I'm so glad to hear that you're aunt is now in a safer, more comfortable place. It sounds like you've had such a tough time of late. Great that you were able to get away from it all and enjoy another stay at St James Court. Hope you're feeling a little more refreshed now.
Thanks so much for your concern, Ting. At the time I felt guilty for disappearing down to London but then I had to think sensibly and realise that if we didn't get some time together, I would start resenting my aunt and that would do neither of us any good.

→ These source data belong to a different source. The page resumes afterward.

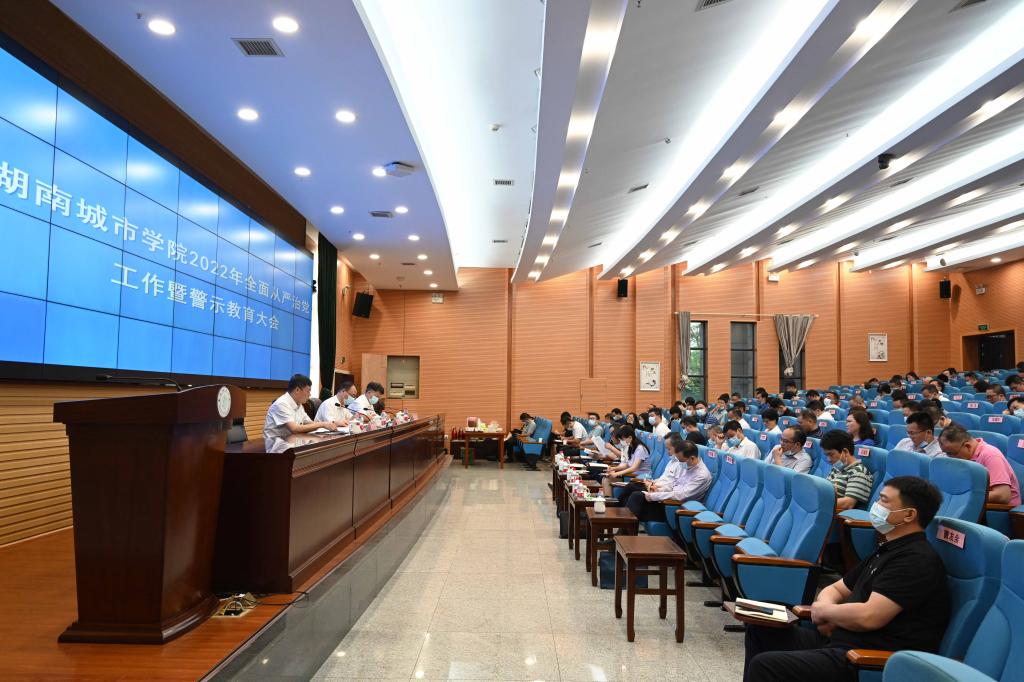陈列尊作了题为《发扬自我革命精神 聚焦清廉城院建设 为学校高质量发展提供坚强保障》的工作报告。从加强理论学习,坚定政治方向;聚焦“两个维护”,提升监督质效;聚焦政治巡视,推动整改落实;深化纠治“四风”,做好专项整治;一体推进“三不”,精准执纪问责;着力深化“三转”,锻造执纪铁军等六个方面,对2021年学校纪检监察工作进行了回顾和总结。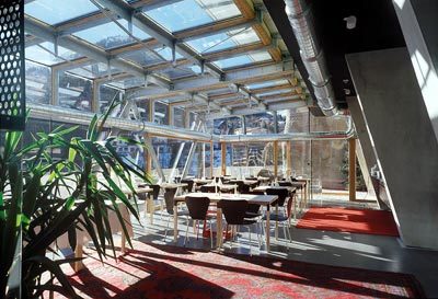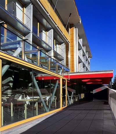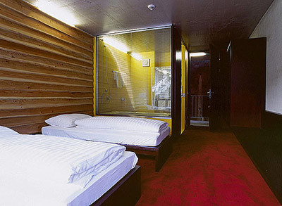 Die Zimmer (man wähle zwischen Rot und Blau) stillen rustikale Bedürfnisse bestenfalls zitathaft in Form einer Rauspundverschalung über dem Kopfteil der Betten, das im Gelbton gehaltene Bad ist per Glaswand räumlich integriert, jedoch steht für den separatistischen Bedarfsfall eine Jalousie im Scheibenzwischenraum zur Verfügung. Elemente wie der Wellnessbereich mit Sauna, eine Bar und ein Terrassenrestaurant gehören in dieser Kategorie ohnehin zum guten Ton, aber im „Lux Alpinae“ werden die Gäste auch in haustechnischer Hinsicht verwöhnt – alle Zimmer sind mit Telekommunikation über eigens zur Verfügung gestellte Gästehandys ausgerüstet. Vielleicht sind es „Surplus“ wie diese, die den Besucher zur erholsamen Wiederkehr animieren? (Text: Gabriele Kaiser)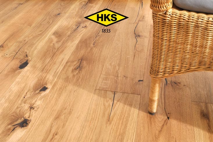- أرضيات كلاسيكية من لوح واحد بسماكة 14 مم، مع طبقة علوية من خشب البلوط بسماكة تقريبية 3 مم.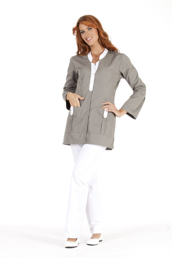 Tunique femme. Col officier fantaisie avec patte contrastée. Fermeture centrale par 5 pressions, dont 3 imitations boutons sur patte. Fentes côtés. 2 poches basses plaquées. Manches transformables avec pattes contrastées. Longueur : 80 cm.
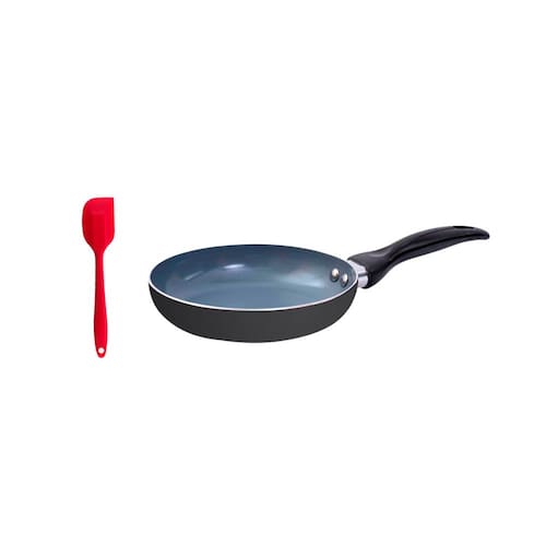 a frigideira é de alumínio, cerâmica e baquelite. a espátula é de silicone.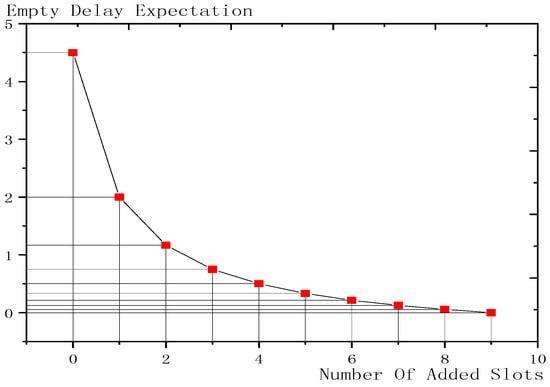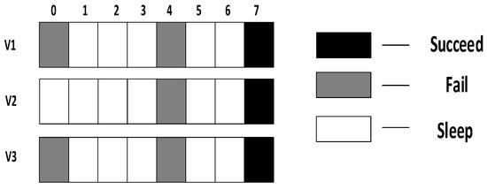 In the IFAS mode, since wakes up first in the working cycle, if it fails to receive at its own slot, there will be two more chances. wakes up second. If it fails to receive at its own slot, there will be one more chance. Therefore, IFAS method significantly reduces and D. However, since is the last node to wake up, the IFAS method cannot be used to improve performance. Therefore, on the basis of IFAS, we proposed the Before Try Add Slot (BTAS) strategy. Since the nodes away from sink have energy surplus, for the last waking nodes like, this strategy adds awake slots at the slots of other son nodes who wake up earlier, thereby reducing delay. Its specific sending process is shown in Figure 4, while the process of and is the same as that of IFAS, adds an active slot at the slot of , at which the receiving fails, then it wakes up at the slot of , at which the receiving fails again and finally it succeeds at its own slot,.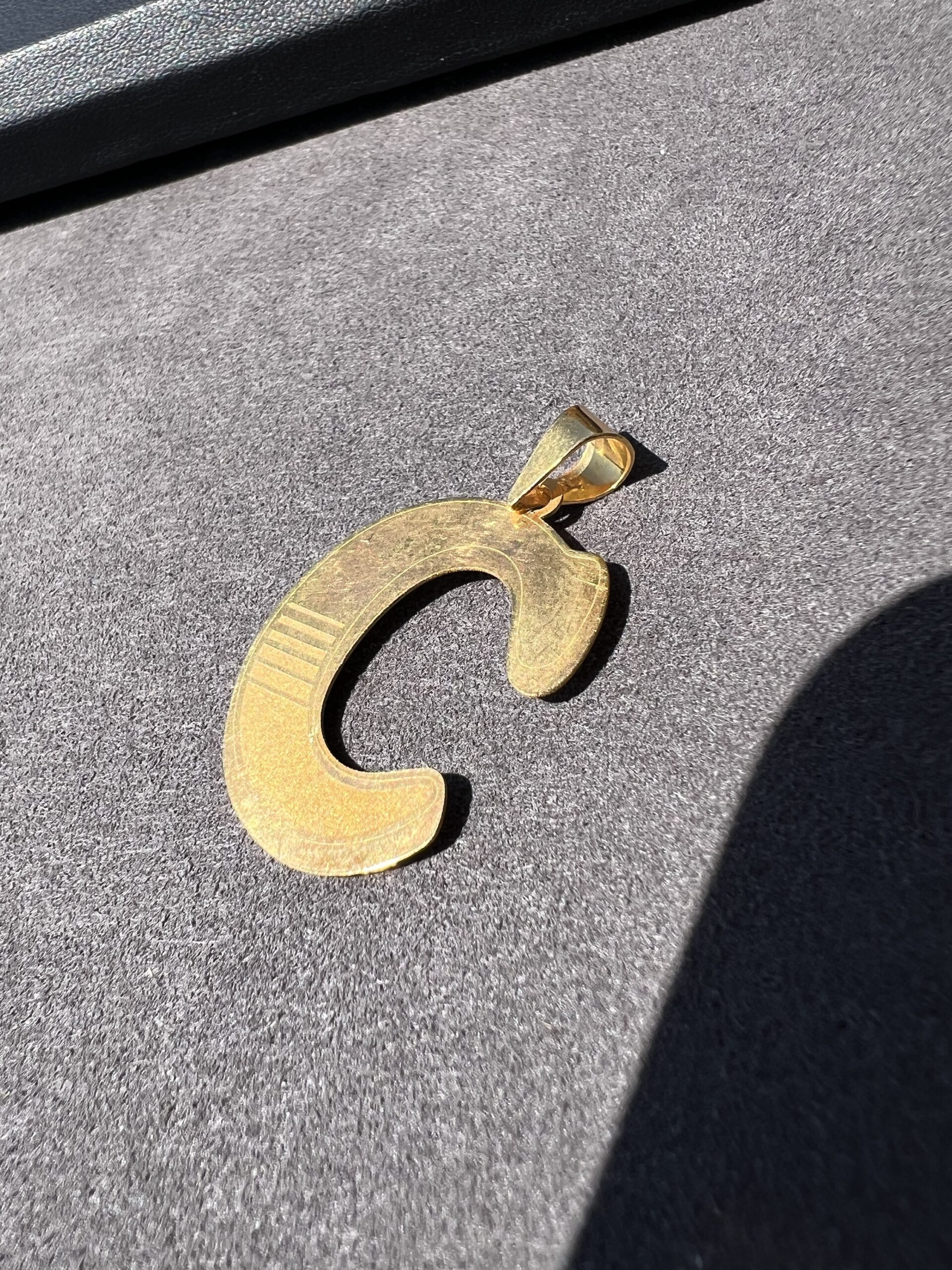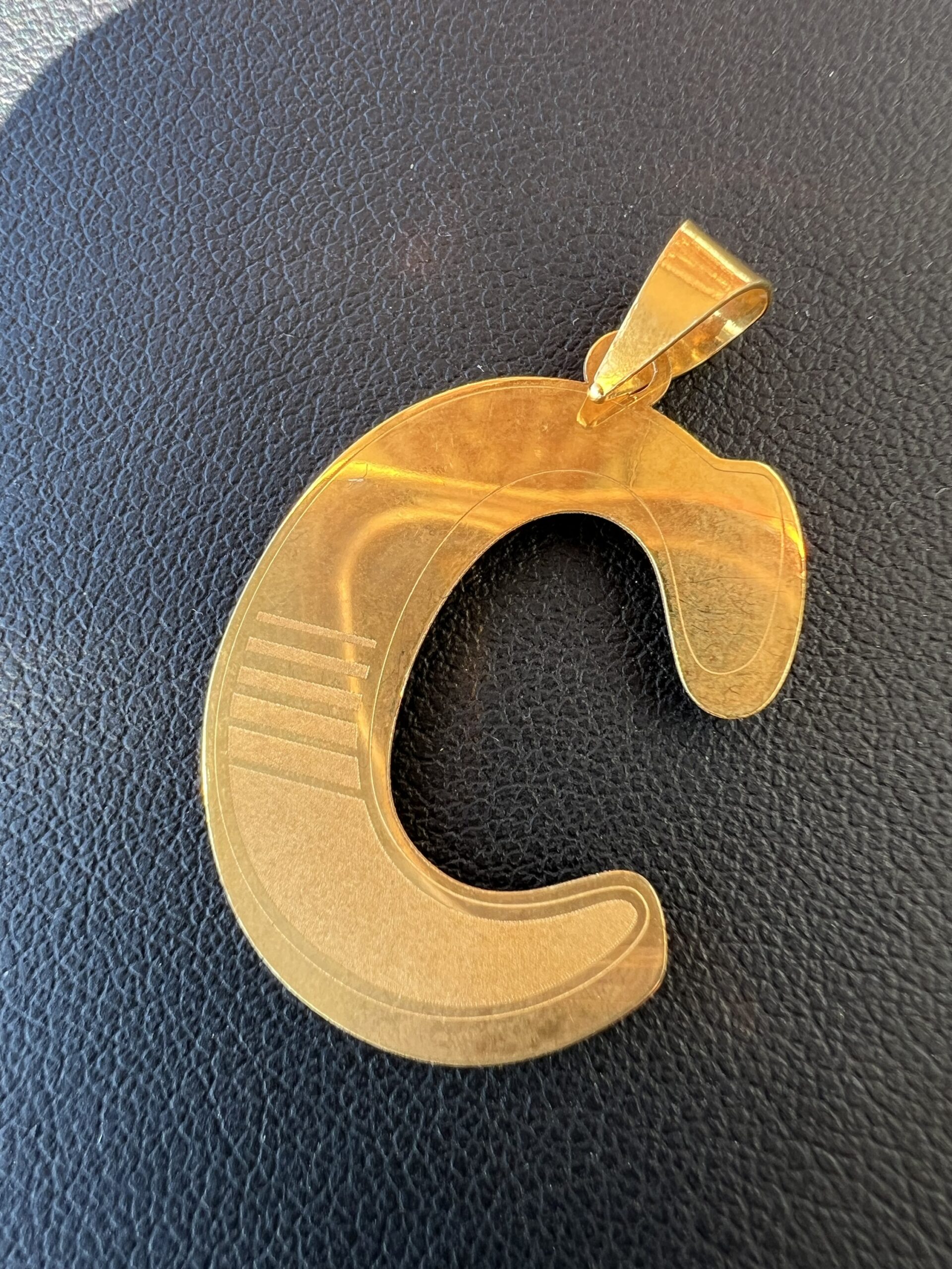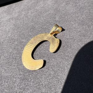 This eye catching “C” charm has a wide bail and a highlighted texture that stands out uniquely. 4.4mm by 6.4mm bail.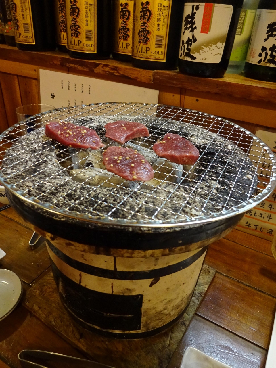 メニューには、沖縄らしくあぐー豚もありました。ほかにもホルモン3種盛り、牛タンなど一般的な焼肉店のラインナップでした。焼肉以外にも牛すじ煮込みといった一品料理もおいしかったです。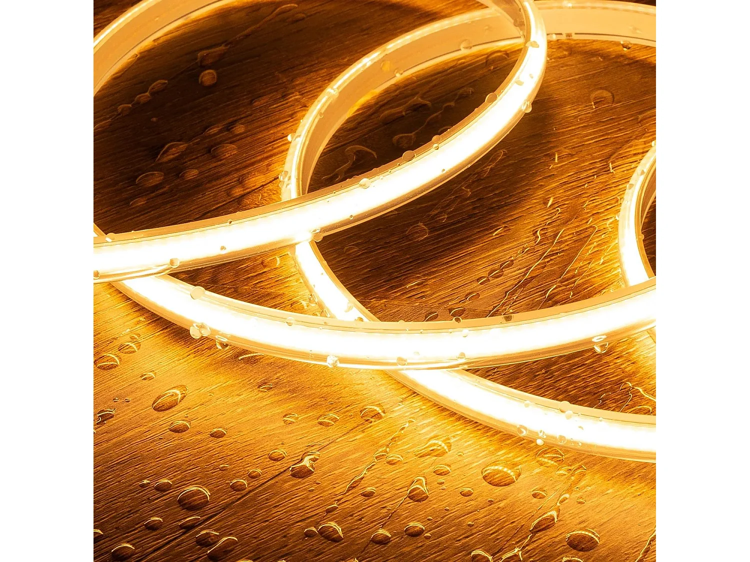 Tira LED Regulable 220V COB Autorrectificada 320 LED/m 8W/m 720 lm/m Ancho 12mm Corte 50cm IP65 CRI90 a Medida 2200K Súper Cálido 25 m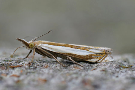 Detailed closeup on the Common European Grass-veneer, Crambus pascuella sitting on wood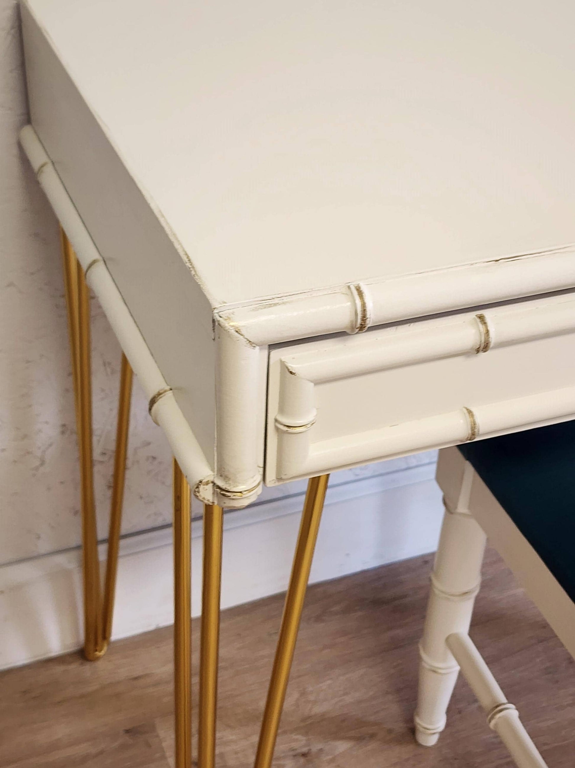 Dixie Aloha Writing Desk, Upcycled Dixie Faux Bamboo & Gold Desk Chair Set, MCM Hairpin Bamboo Console Desk, Hollywood Regency Vanity Desk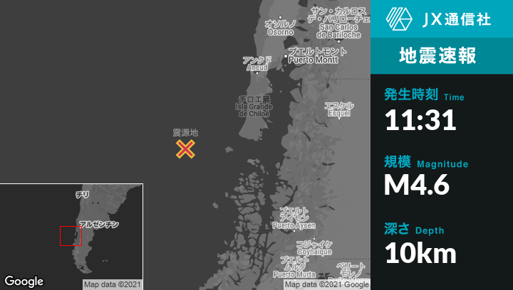 5月25日 11:31頃、チリのQuellónから西201kmの地点でM4.6の地震がありました。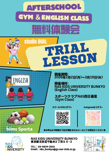 | 集合場所 | 【English Class】NAS KIDS UNIVERSITY BUNKYO 【Gym Class】スポーツクラブNAS西日暮里正面玄関前 |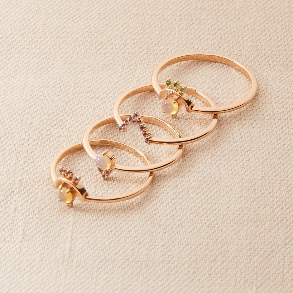 Все украшения Moonka выполнены из серебра и золота и инкрустированы вставками из драгоценных или полудрагоценных камней. В «арсенале» бренда представлены самые разноплановые коллекции: от графических и минималистичных до чувственных и элегантных. Тонкие многоярусные цепи, символичные кулоны-амулеты в виде солнца или хамсы, сотни вариаций на тему наборных колец и колец на фаланги пальцев – всё эти модели уже стали настоящими хитами продаж. А еще изюминкой бренда являются украшения с демантоидом – прозрачным желтовато-зеленым камнем, который также называют «зеленым гранатом». Дизайнеры Moonka создают фантазийные украшения с инкрустацией этого камня: кольца в форме змей, серьги в виде пантер. А еще создатели бренда часто вдохновляются русскими традиционными мотивами: сказками, орнаментом, фольклором. Такой переосмысленный ювелирный патриотизм выглядит максимально интересно, броско и оригинально. Как раз в стиле современных модниц!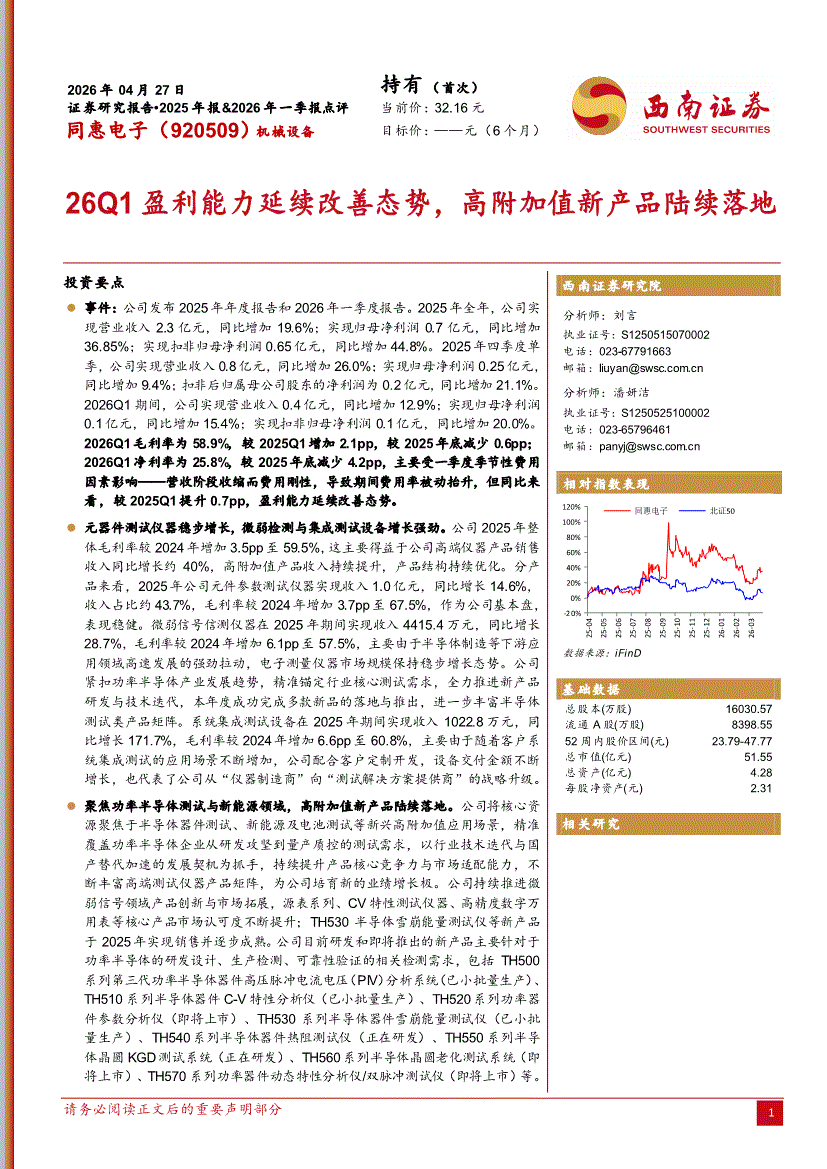 同惠电子:西南证券-同惠电子-920509-26Q1盈利能力延续改善态势,高附加值新产品陆续落地-260427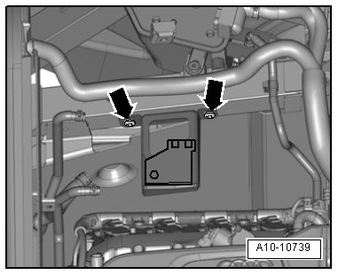- Remove the bolt - arrows - and the coolant reservoir bracket.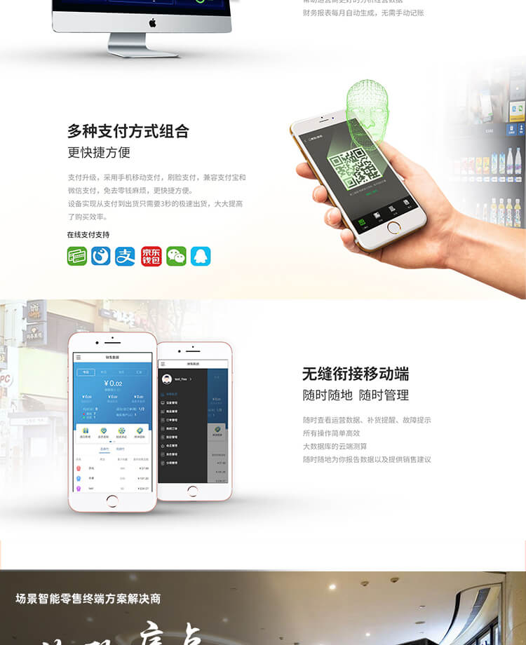 支付系統:微信、支付寶支付、刷臉支付/可定制

It's properly hard this getting older malarkey, like yourself we are stuck in the middle of parents needs and kids needs, we are way down the list. I think himself and I should have a wee jollity down to the Taj, we usually just come home as we are an hour away from St Pancras but you make it sound so lovely. Glad you have auntie more settles, it's good to look after your auntie (hint hint, I promise I'll be no trouble!!) love from auntiegwen xxx
Glad to hear that your aunt is safe and well. These are hard decisions to maker but it sounds like you've made the right one. I haven't blogged for ages and don't tend to for a while – I have so much on my plate with the novel at the moment, as well as life in general. X
I am so glad you got to have a lovely break, and most importantly that Aunty B is safe, and you have all come to a solution that works well for everyone. I took my Mum to see Miss Saigon, she was so emotional about it, she managed to walk out with the little red glasses you get at the theatre in her hand. So embarrassing… 😀
Hard work all round and stressful with it. I'm avoiding my responsibilities at th emoment and really should start to face them, the same path many of us are treading with elderly relatives at the moment. Sounds like a good break away though. Your Dougie would look good in a sack cloth I think, so photos of suit and/or sack appreciated 🙂
Never be afraid of doing the right thing, Trish and that's exactly what you've done re the situation with your lovely Aunt. It's very sad that she's had to move out of her flat but on the other hand, it sounds like she's very lucky that you and Dougie have put all those plans into action for her. A lot of the older generation aren't so fortunate. Sorry Miss Saigon made you cry but maybe it's just what you needed!